Aquarius
Jan 20 - Feb 18
Not being able to sweat isn’t a personality, Aquarius.
This week’s fashion icon: Bruce the Neopet.
This week’s fashion faux pas: Crimped hair.
Pisces
Feb 19 - Mar 20
Everyone shits the bed at some point in their life, Pisces. You have to think positive. At least it was someone else’s bed and you left without waking them up. You’ll probably never see each other again. You know what they say; Dunedin’s a big town.
This week’s fashion icon: Neil Armstrong circa moon landing.
This week’s fashion faux pas: Ear-shaped earrings paired with a nose-shaped nose ring.
Aries
Mar 21 - Apr 19
The practically erotic sun-Venus connection last Tuesday meant that you could no longer focus in class. Luckily, when Venus enters Virgo this week your inattentiveness will come to a rapturous climax and after this you will be able to catch up on your studies in no time.
This week’s fashion icon: Yzma.
This week’s fashion faux pas: Kronk.
Taurus
Apr 20 - May 20
Your doppelganger just died. You can now legally claim you’re not like other girls.
This week’s fashion icon: The golden tortoise beetle.
This week’s fashion faux pas: High Heelys.
Gemini
May 21 - Jun 20
#534B4F really isn’t your colour.
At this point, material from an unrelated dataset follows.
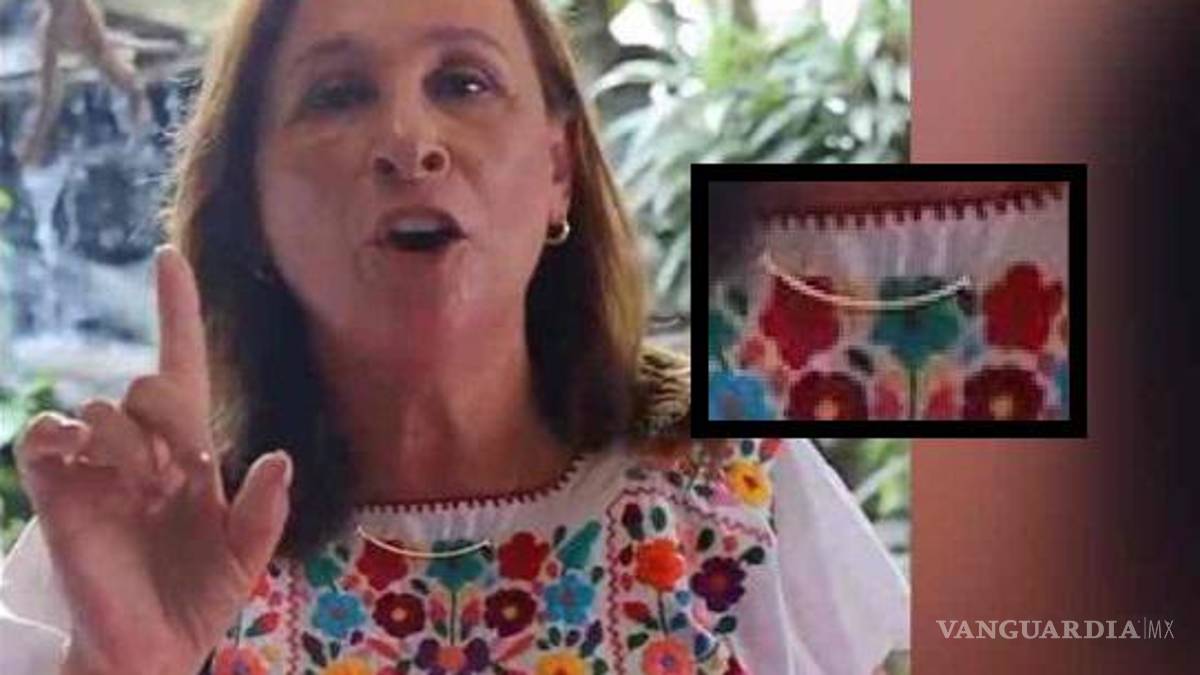 La aspirante de Morena y aliados usaba un colgante estilo “smile” extragrande en oro rosa de 18 kilates sobre una blusa bordada
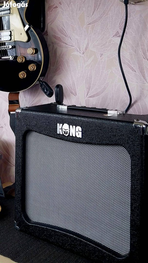 30 Wos effektes,modellezős kombó eladó..30 W Channels: 1 Loudspeakers: 1x 8" EQ: Bass/mids/treble Effects: Effects Processer Headphone output with speaker mute: yes Special Features: AUX In, Tuner, Tap Tempo Dimensions (Wxhxd): 40,0 x 38,5 x 20,0 cm Weight: 8,7 kg Optional accesories: Kong FS-2 2-way Momentary With the Chimp Thirty, Kong has a versatile, handy modeling combo with extensive features in its range. The 30-watt combo offers 11 amplifier and 11 effect modelings, and your own sound creations can be stored in 3 user memory locations. An optional footswitch can be used to switch through the memory locations

Stop trying to make it happen.
This week’s fashion icon: Suzy from Suzy’s World.
This week’s fashion faux pas: The moon boot you get when you went to A&E sure that you’d broken it but you didn’t even need a cast, loser.
Cancer
Jun 21 - July 22
I have some excellent news for you, Cancer, but you need to come find me because I don’t think you’d feel comfortable with it being shared on this platform.
This week’s fashion icon: Mr Muscle.
This week’s fashion faux pas: Jimmy Neutron hair.
Leo
July 23 - Aug 22
You came into this world with nothing and by God you’re going to leave with a pile of coins and a permission slip for getting into a good place in the afterlife.
This week’s fashion icon: Celia from Monsters, Inc.
This week’s fashion faux pas: A necklace so long that you trip over it.
Virgo
Aug 23 - Sep 22
From what I can see, you haven’t been reading into your horoscopes enough lately. This isn’t a fucking joke, Virgo.
This week’s fashion icon: Yodelling Walmart Boy.
This week’s fashion faux pas: Alternating perfectly manicured long acrylic nails with your normal ones.
Libra
Sep 23 - Oct 22
I love your hair.
This week’s fashion icon: Seto Kaiba from Yu Gi Oh.
This week’s fashion faux pas: Socks over your shoes.
Scorpio
Oct 23 - Nov 21
It’s time to become an upstanding community member. Reduce your heckling at open mic nights, support local artists by offering them exposure, or make a habit of harvesting vegetables from your local community garden.
This week’s fashion icon: The Ribena Squeeze man.
This week’s fashion faux pas: Frosted tips x flame shirt.
Sagittarius
Nov 22 - Dec 21
You’re blowing it, Sagittarius. If you don’t stop this at once there’re going to be SERIOUS consequences relating to someone whose name starts with an S or an R, involving what may seem like an accident concerning some sort of fluid.
This week’s fashion icon: Amy Wong.
This week’s fashion faux pas: Crop top and nothing else, Winnie the Pooh style.
Capricorn
Dec 22 - Jan 19
You awoke from a nightmare last night that the bag of mints in your mum’s car was actually a bag of mince.
This week’s fashion icon: Bugs Bunny in drag.
This week’s fashion faux pas: Hair stamps.